L-Carnitine can be synthesised de novo in animal cells by a multistep process, with lysine and methionine, derived from protein degradation, as the primary precursors and butyrobetaine as an intermediate. However, it is believed that most comes from the diet other than in strict vegetarians, and plasma carnitine levels are positively correlated with the dietary intake. In humans, the major sources of carnitine are meat, fish and dairy products, which can supply 2 to 12 μmol per day per kg of body weight, as opposed to 1.2 μmol per day per kg of body weight of endogenous carnitine. The latter is synthesised in the kidney, liver and brain and is transported to other tissues in the circulation before it is taken up by active transport systems. In the kidney, carnitine and butyrobetaine are reabsorbed efficiently so urinary loss is minimized, although excessive amounts can be eliminated when necessary.

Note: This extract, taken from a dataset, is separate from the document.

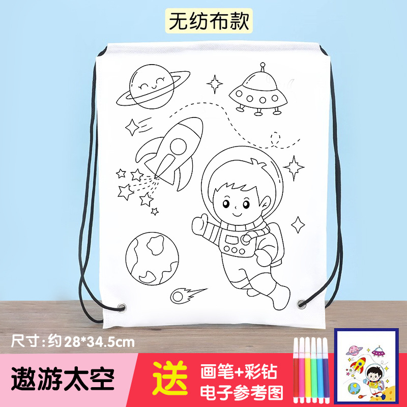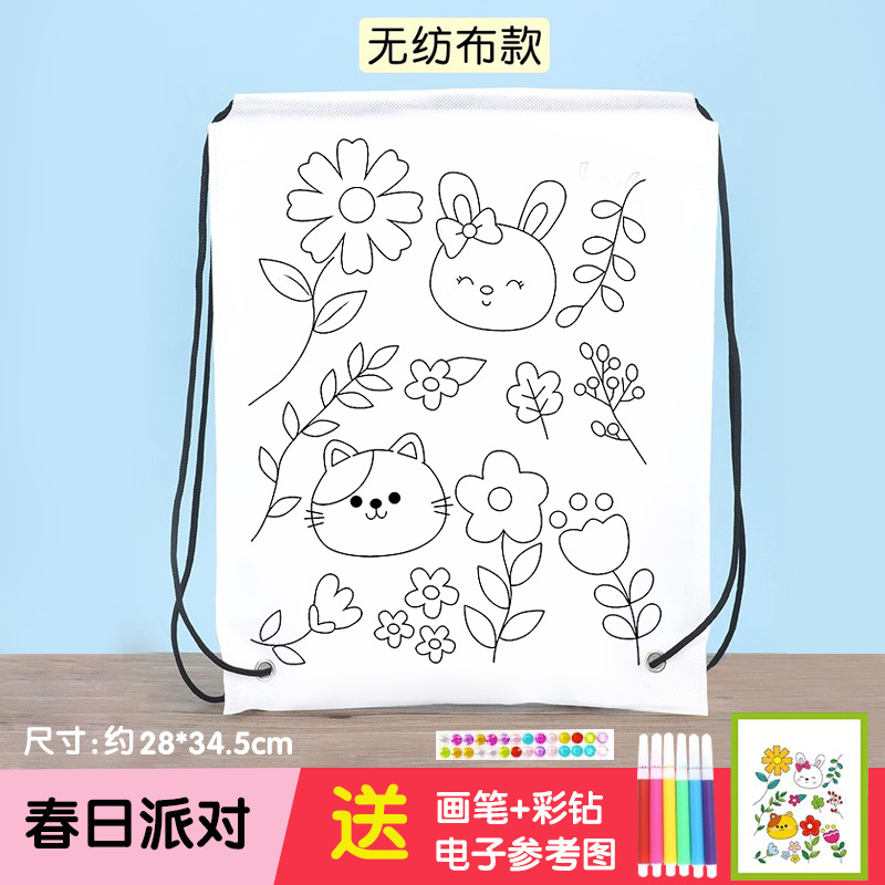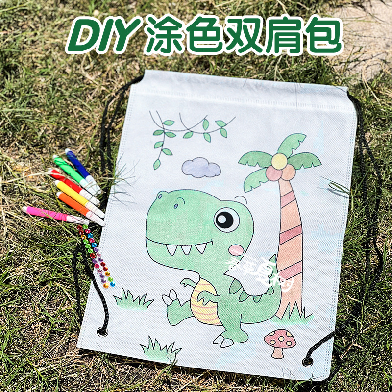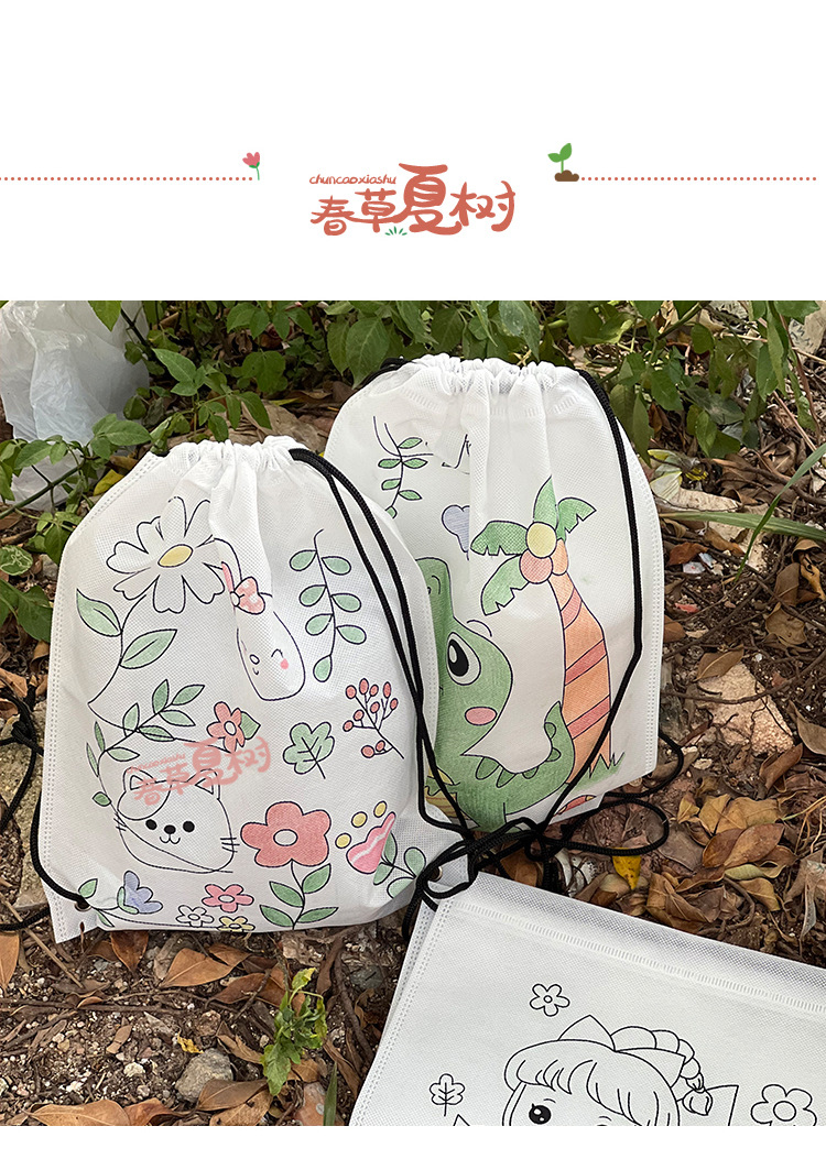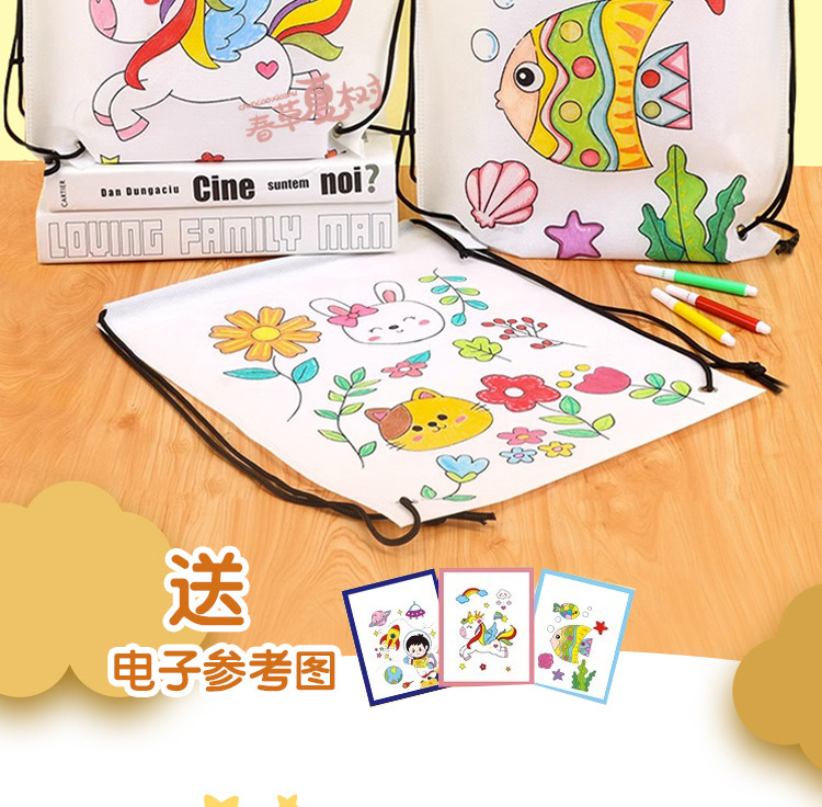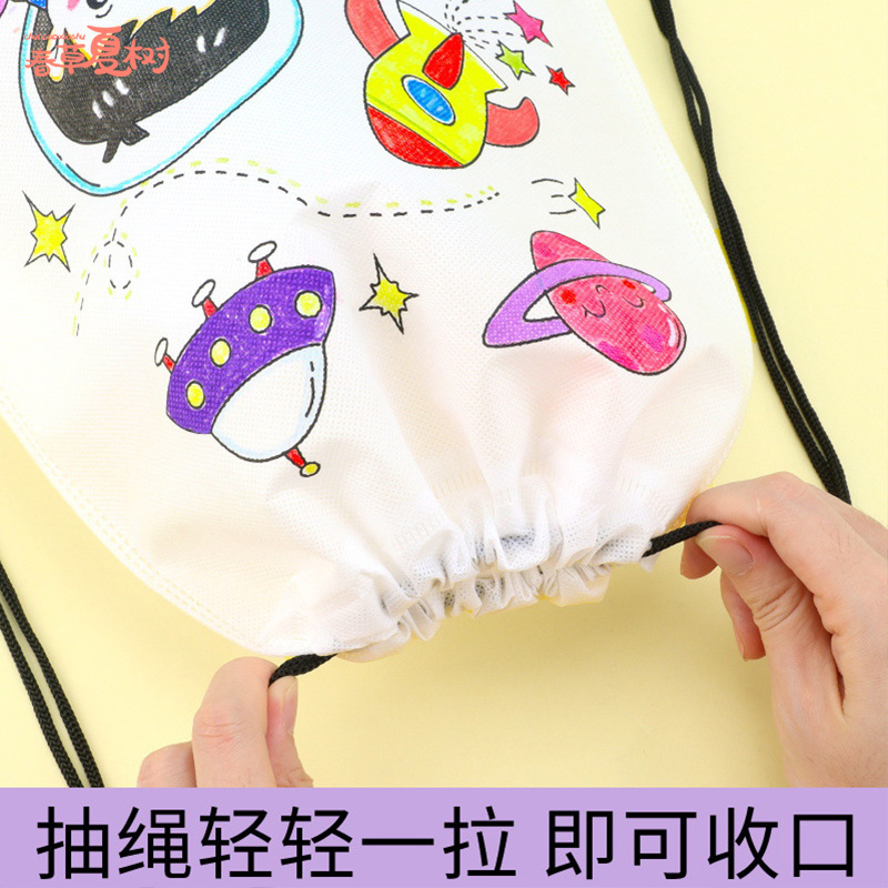 Рюкзак из нетканого материала с граффити Детский рюкзак ручной работы из эко-сумки Цветной художественный Рисунок Карман в комплекте

In mammals, carnitine functions through the reversible esterification of its 3-hydroxyl group, with subsequent translocation of the acylcarnitines produced from one cellular compartment to another. Carnitine acyltransferases are the enzymes responsible for the production of acylcarnitines, and these can have differing chain-length specificities, but covering the entire range of acyl chain lengths, depending on the cellular location and metabolic purpose. In consequence, acylcarnitines constitute an appreciable component of the tissue carnitine pool, and tissue and plasma concentrations of carnitine and acylcarnitines are together maintained within relatively narrow limits by a variety of mechanisms.

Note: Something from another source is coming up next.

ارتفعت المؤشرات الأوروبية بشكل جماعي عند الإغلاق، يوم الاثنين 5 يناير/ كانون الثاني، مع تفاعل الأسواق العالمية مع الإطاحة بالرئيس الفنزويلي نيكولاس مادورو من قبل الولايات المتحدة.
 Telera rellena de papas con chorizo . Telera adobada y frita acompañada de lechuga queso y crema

Fatty acyl-CoA thioesters cannot enter the mitochondrial matrix because they are not able to pass readily through the inner mitochondrial membrane. Instead, carnitine assists the transport and metabolism of fatty acids into mitochondria, where the enzymes of β-oxidation are located and fatty acids are oxidized as a major source of energy. In so doing, carnitine maintains a balance between free and esterified coenzyme A, since an excess of acyl-CoA intermediates is potentially toxic to cells. In addition, carnitine is required to remove any surplus of acyl groups from mitochondria, and to export acetyl- and other short-chain acyl groups from peroxisomes via the action of carnitine octanoyltransferase, which as the name suggests is specific for medium-chain fatty acyl moieties. These activities influence in turn innumerable aspects of carbohydrate and lipid metabolism, including the regulation of insulin secretion by pancreatic β-cells and the determination of tissue insulin sensitivity.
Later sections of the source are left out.